● Dataset entries:
——————

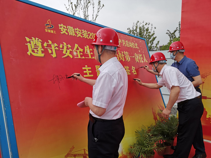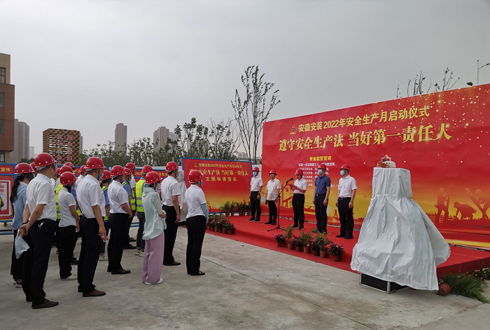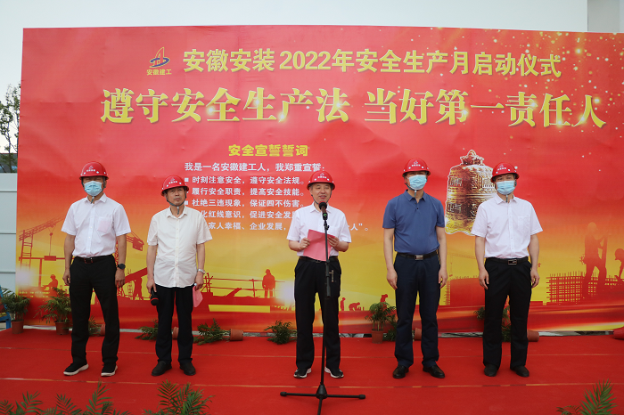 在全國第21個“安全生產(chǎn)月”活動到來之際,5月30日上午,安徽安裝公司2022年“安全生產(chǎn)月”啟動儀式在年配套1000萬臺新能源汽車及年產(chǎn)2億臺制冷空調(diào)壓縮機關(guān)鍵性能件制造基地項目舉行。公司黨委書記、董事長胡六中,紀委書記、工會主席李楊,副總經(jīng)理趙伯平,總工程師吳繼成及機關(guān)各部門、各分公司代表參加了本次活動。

——————

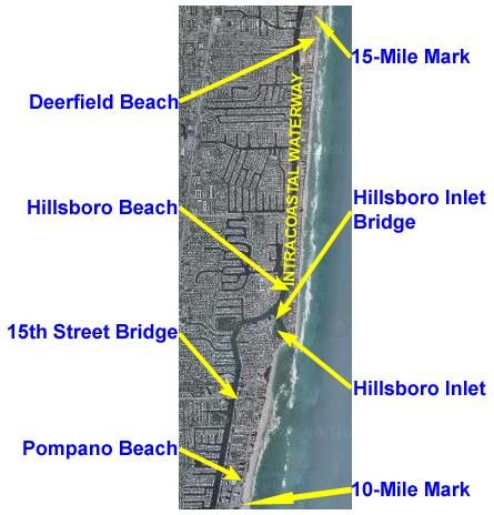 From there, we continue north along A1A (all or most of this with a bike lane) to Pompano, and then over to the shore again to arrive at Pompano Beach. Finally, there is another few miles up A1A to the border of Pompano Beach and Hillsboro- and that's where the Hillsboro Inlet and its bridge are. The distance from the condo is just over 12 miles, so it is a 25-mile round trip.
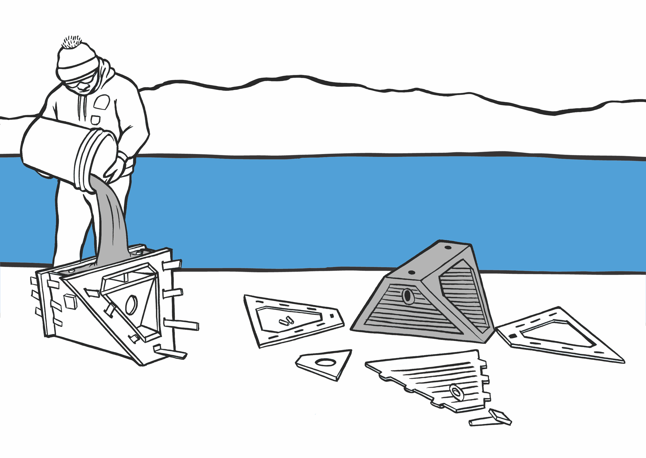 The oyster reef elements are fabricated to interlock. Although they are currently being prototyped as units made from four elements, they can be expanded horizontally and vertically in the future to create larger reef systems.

——————

Everything from the line with "From there, we" down to the line with "The oyster reef" in the data above should be copied exactly, with both end lines kept and the pictures left out.

● Completed exercise:
 From there, we continue north along A1A (all or most of this with a bike lane) to Pompano, and then over to the shore again to arrive at Pompano Beach. Finally, there is another few miles up A1A to the border of Pompano Beach and Hillsboro- and that's where the Hillsboro Inlet and its bridge are. The distance from the condo is just over 12 miles, so it is a 25-mile round trip.
 The oyster reef elements are fabricated to interlock. Although they are currently being prototyped as units made from four elements, they can be expanded horizontally and vertically in the future to create larger reef systems.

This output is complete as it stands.